Single-family home construction tumbles – and a top analyst says housing is in a correction

Real Estate

Each new housing data point is worse than the last, and they are prompting a leading industry analyst to say the market is in a correction.

Single-family housing starts fell more than 13 percent year-over-year, according to the U.S. Census. Building permits, an indicator of future construction, were down nearly 2 percent.

This followed a sharp drop in homebuilder sentiment to the lowest level in more than three years, according to the National Association of Home Builders.

“I definitely think we’re in a correction,” said John Burns, CEO of John Burns Real Estate Consulting. “Sales, according to our survey last month, were down 19 percent year over year. … I would call that a correction.”

Burns points to higher mortgage rates, along with the surge in home prices over the last few years, as the culprit. Mortgage rates are a full percentage point higher now than they were one year ago. Half of Americans can only afford a $230,000 mortgage, according to Burns, and the builders in good locations just can’t build at that price point. Eleven of the top 19 builders have an average sales price above $400,000.

“The rise in mortgage rates has really been a double whammy for them,” Burns said. “A lot of the focus has been on the first-time buyer who now can afford 7 percent less than they could at the beginning of the year just due to mortgage rates and home prices even worse than that.”

Builders cannot hit the lower price points because of higher costs for land, labor and materials. While they might be able to build cheaper homes farther outside major metropolitan areas, doing so is risky, given that demand there is so weak.

“As long as builders remain concerned about buyer demand, single-family starts are likely to decline as builders adjust production accordingly,” said Danielle Hale, chief economist at Realtor.com. “Rising home prices and mortgage rates have created high hurdles for homebuyers, while cost increases have made it difficult for builders to deliver homes at the most in-demand price points.”

Multi-family housing starts, meanwhile, surged 20 percent last month compared with November 2017. While this monthly reading tends to be volatile, it indicates that the rental market will remain strong for the foreseeable future.

“Bottom line, the single-family figures confirm again the slowdown in the pace of transactions while multifamily reflects the still solid demand for rentals,” said Peter Boockvar, chief investment officer at Bleakley Advisory Group.

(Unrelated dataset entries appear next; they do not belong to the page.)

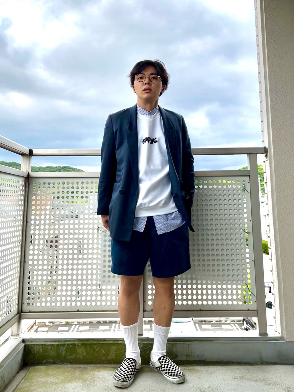 もう暑いかも… ジャケットとハーフパンツのセットアップは結構好きでして、長めの靴下もあえて履きたい。あとジャケットとロゴスウェットの相性もいい。 トラッド感出たかな?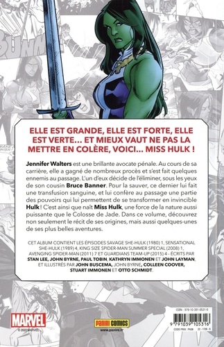 Jennifer Welters est une brillante avocate pénale. Au cours de sa carrière, elle a gagné de nombreux procès et s'est fait quelques ennemis au passage. L'un d'eux décide de l'éliminer, sous les yeux de son cousin Bruce Banner. Pour la sauver, ce dernier lui fait une transfusion sanguine, et lui confère au passage une partie des pouvoirs qui lui permettent de se transformer en invincible Hulk ! C'est ainsi que naît Miss Hulk, une force de la nature aussi puissante que le Colosse de Jade. Dans ce volume, découvrez non seulement le récit de ses origines, mais aussi quelques-unes de ses plus belles aventures.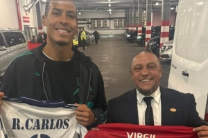 值得一提的是,身材高大的范戴克身高1.95米,而卡洛斯的身高1.68米,两人身高相差27厘米左右,所以当他们同框时视觉反差非常明显,也让那张合照更具趣味性。一位是力量与稳重兼具的中卫巨塔,一位是以爆发力和速度闻名的巴西铁卫。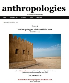 Anthropologies — a web journal published by the graduate students at the University of Kentucky’s Anthropology Department–has released a special issue on the Middle East.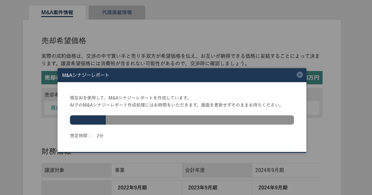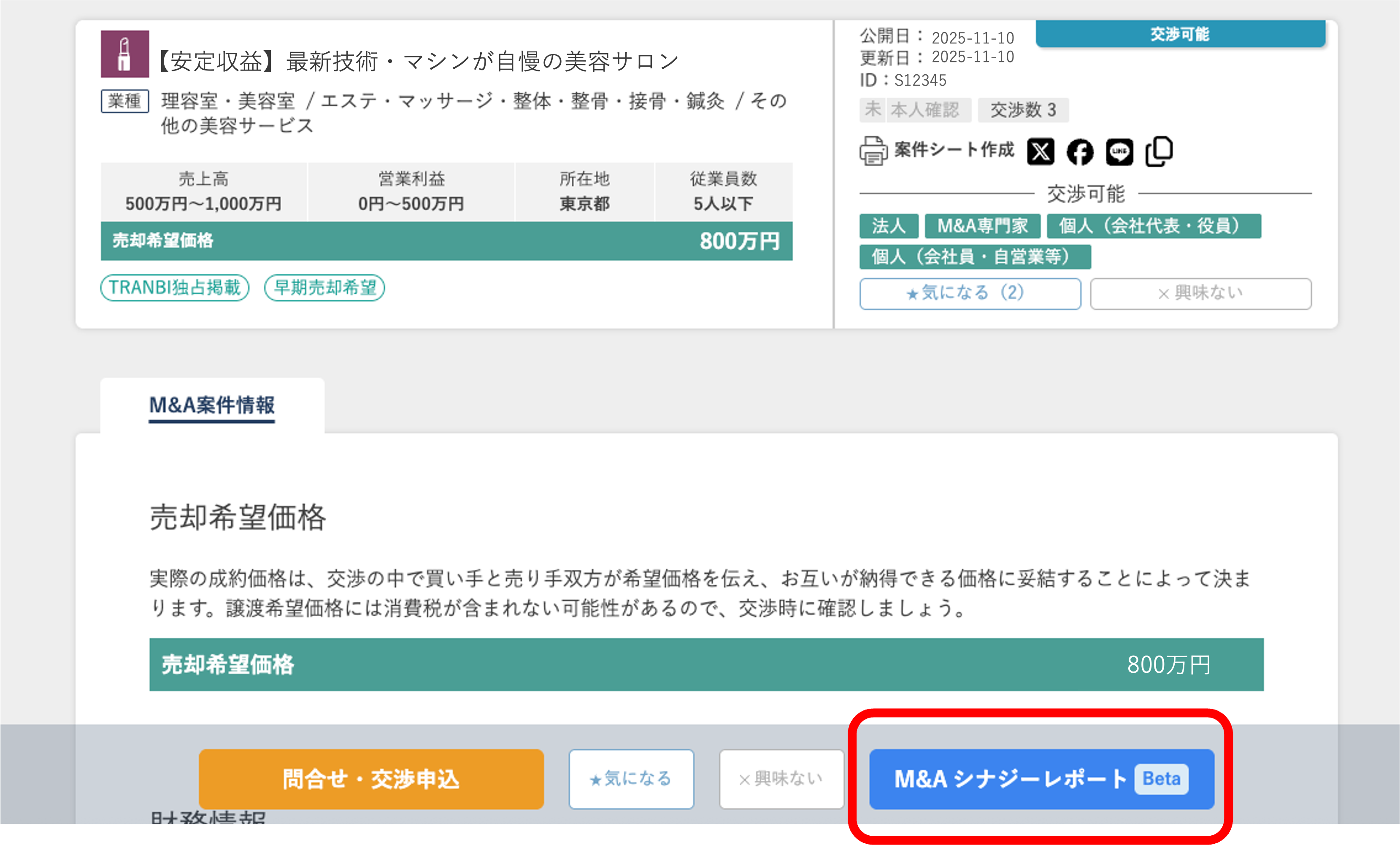 ①ログインして気になる売却案件のページを開き、「M&Aシナジーレポート」ボタンをクリックしてご利用ください。

Adding to the frustration in the housing market is a stagnation among sellers. While supply is rising slowly because sales are slowing, there are still very few new listings coming onto the market. Current homeowners either can’t afford a new home or don’t want to pay a higher mortgage interest rate on a new home. This is hitting homebuilders as well.

“A lot of them build move-up homes, and we think about a quarter of move-up demand is just not going to move because people have a 3.5 percent fixed-rate mortgage, and that’s a painful thing to give up,” Burns said.

The average rate on the 30-year fixed mortgage is hovering around 5 percent.

While homebuilders are still not ramping up entry-level supply, they are starting to cut prices.

A new survey from the NAHB, which has yet to be released, found 41 percent of builders reported reducing prices as a sales incentive for July through October Oct 2018, up from 26 percent a year earlier.